Monday, March 11, 2013

"Office Space"? No, Dean Heller Has a More Serious Scandal Coming.

So it's been one scandalicious day on Capitol Hill today. Gasp, someone refuses to lose his prime office! No really, this happened (or at least some of it did).

As part of the biennial Senate office lottery, junior members are obligated to show their office suites to more senior members, who then have 24 hours to decide whether to claim that space as their own. Heller’s office suite — which he inherited after the scandal-fueled resignation of Sen. John Ensign, R-Nev. — may be particularly attractive to other senators because its floor plan includes a larger-than-average member office.

Though special courtesies are usually extended to aides and members visiting offices, Heller staffers repeatedly tried to keep them from seeing the spacious member office, sources reported, saying meetings were ongoing and could not be interrupted.
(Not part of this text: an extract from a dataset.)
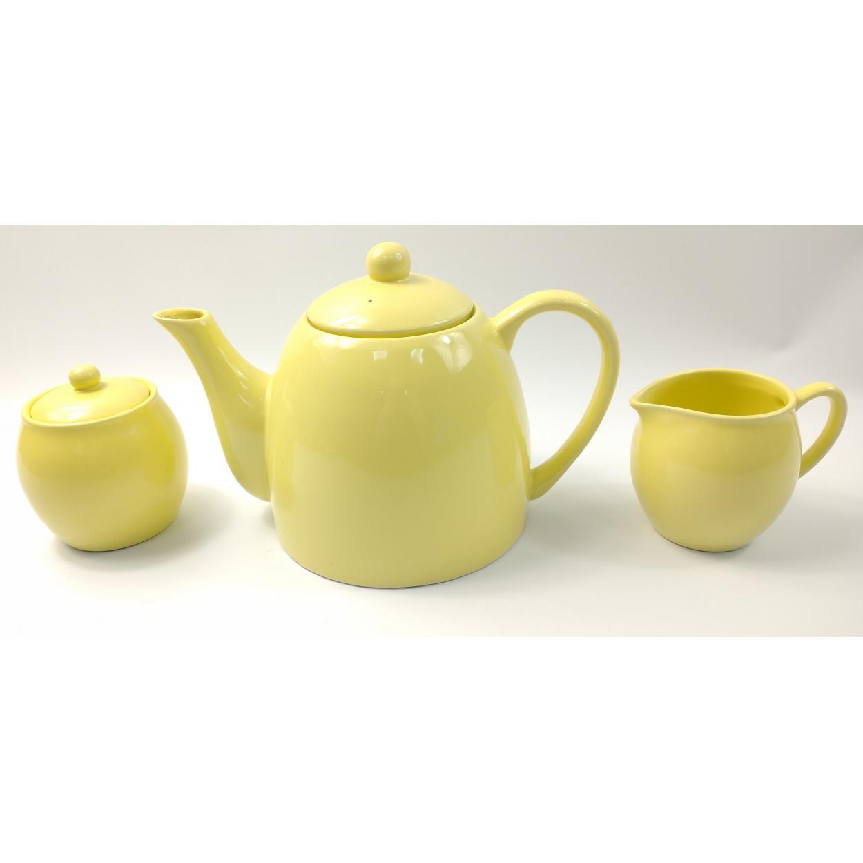 A cheerful yellow teapot for the early mornings by RAYWARE complete with milk jug and lidded sugar bowl

Several Senate offices lodged complaints with the Senate Rules and Administration Committee, according to several sources familiar with the attempted visits to Heller’s office.

“This is beyond silly. We’re disappointed that this has become fodder for pettiness among staff members,” Heller spokeswoman Chandler Smith said. “Our office has worked hard to balance the busy and demanding work of running a Senate office, hosting meetings and greeting constituents while accommodating members and numerous staffers from nearly 20 offices who want to see the space.”
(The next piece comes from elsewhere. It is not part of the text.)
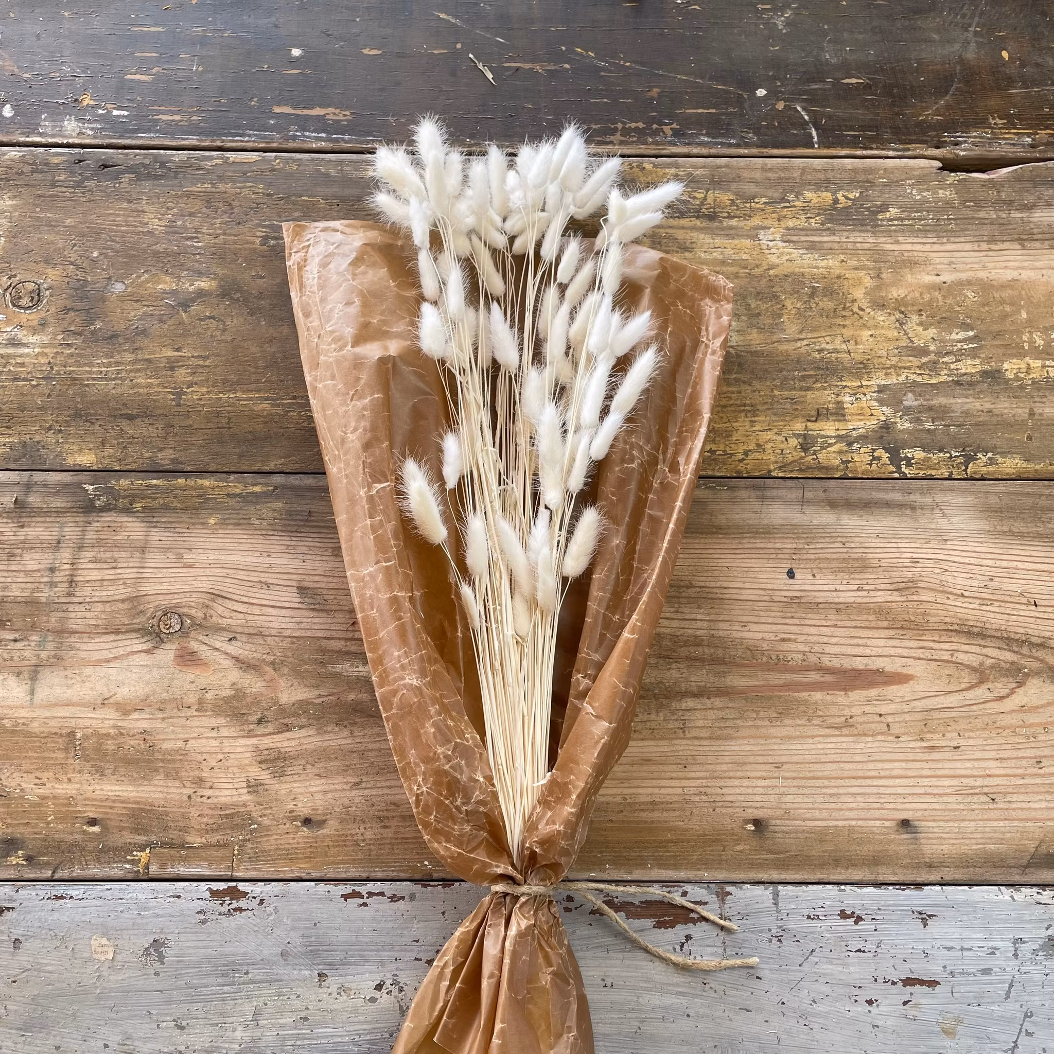 Lagurus naturell (hartass/harsvans) är en ljuvlig blomma med sammetsliknande textur. Sätt lagurusen i en vas, gärna med smal öppning, och ha den som inredningsdetalj! Passar även utmärkt i blomsterarrangemang och buketter tillsammans med andra torkade växter och blad. Ger en mjuk och härlig känsla till ditt rum.

A visit from Sen. Saxby Chambliss’ staffers was particularly contentious, and the tension between the two offices only appears to have deepened in the weeks after the tour. When the Georgia Republican’s staff asked to see Heller’s suite, Chambliss had not yet announced his decision to retire in 2014. According to sources familiar with incident, Heller Chief of Staff Mac Abrams joked that Chambliss’ staff should ask Rep. Paul Broun, R-Ga., if he would like the suite. He also jokingly suggested that Heller would have to support any potential Broun primary bid if Chambliss took their office. (At the time, Broun was rumored to be contemplating a primary challenge, and he has subsequently announced he will run for the open seat.)

According to some sources told about the exchange, Heller’s chief of staff then offered $10,000 in campaign contributions from the senator’s PAC if Chambliss declined to take the suite. Heller’s office disputes this claim.
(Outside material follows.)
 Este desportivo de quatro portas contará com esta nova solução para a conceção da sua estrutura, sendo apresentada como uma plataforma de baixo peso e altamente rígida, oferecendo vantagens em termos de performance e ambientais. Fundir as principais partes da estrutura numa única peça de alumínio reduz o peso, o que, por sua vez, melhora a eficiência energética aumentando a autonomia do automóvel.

Is this petty? Or is this petty? And why is this even happening?

This is indeed beyond silly. No wonder why the US Senate is so dysfunctional. They're even bickering over office space.

Yet out here in the real world, there's uncertainty. And there's pain. And none of it was actually necessary.

From the Cronkite News: “An Arizona school superintendent said Monday that her district has already cut 40 positions because of automatic federal spending reductions and will recommend cutting 65 more and closing three schools next year to save money.”

In South Bend, Ind.,, “A $30 million dollar construction project … is delayed because of the sequester budget cuts.”

The Charlotte Observer notes, “Closing the control tower at Concord Regional Airport could cost the city hundreds of charter flights from NASCAR teams and other businesses, local officials said Wednesday after learning that the tower’s federal funding is being eliminated. … Concord officials said they were notified Tuesday by the Federal Aviation Administration that funding would be cut off soon.”

The Dayton Daily News learned: “Furloughed Air Force civilian workers would cost Ohio’s economy $111.1 million in lost wages through September.”

In Las Vegas, “More than 220 local FAA workers received notices that they will have to take some unpaid days off.”

And on Fort Drum in Waterstown, NY, “civilian employees on post will be forced to take one day off per week without pay.”

It’s not surprising that the news coverage of sequestration in Washington has been tinctured by partisan skirmishes over unpopular or politically motivated cuts. But outside the capital the public isn’t experiencing sequestration solely as a political issue — and the consequences of indiscriminate cuts may eventually force lawmakers to address the policy rather than distract the public from the real harm it’s causing.

This is what happens when Congress forces a manufactured crisis upon the country. Steve Benen summed it up well earlier today.

Going into 2013, there was reason to believe the U.S. economy would start to see a more stable and robust recovery, with stronger growth and vastly improved job creation. With positive projections on the horizon, Congress has responded with the following: an end to the payroll tax break, more public-sector layoffs, the possibility of a government shutdown, the possibility of a debt-ceiling crisis, and a sequestration policy that's already undermining the economy.

Ideally, lawmakers would be taking deliberate steps to improve the economy, but at this point, I'd be satisfied if congressional Republicans stopped making things worse.

So Dean Heller and his US Senate staff are waging war against his fellow Senate Republicans... Over office space. Meanwhile beyond Capitol Hill, people are already losing jobs as a result of Congress' latest manufactured crisis. We're even seeing the fallout here in Nevada. And the pain will only worsen if this isn't fixed by the end of the month.

Keep this in mind as we hear more about Dean Heller's "Office Space" scandal. While Beltway pundits gasp over who's fighting over which office, actual Americans are needlessly suffering. Before any Senators (Heller most definitely included) gripe any more about office space, they need to stop inflicting harm on the American economy and the American people.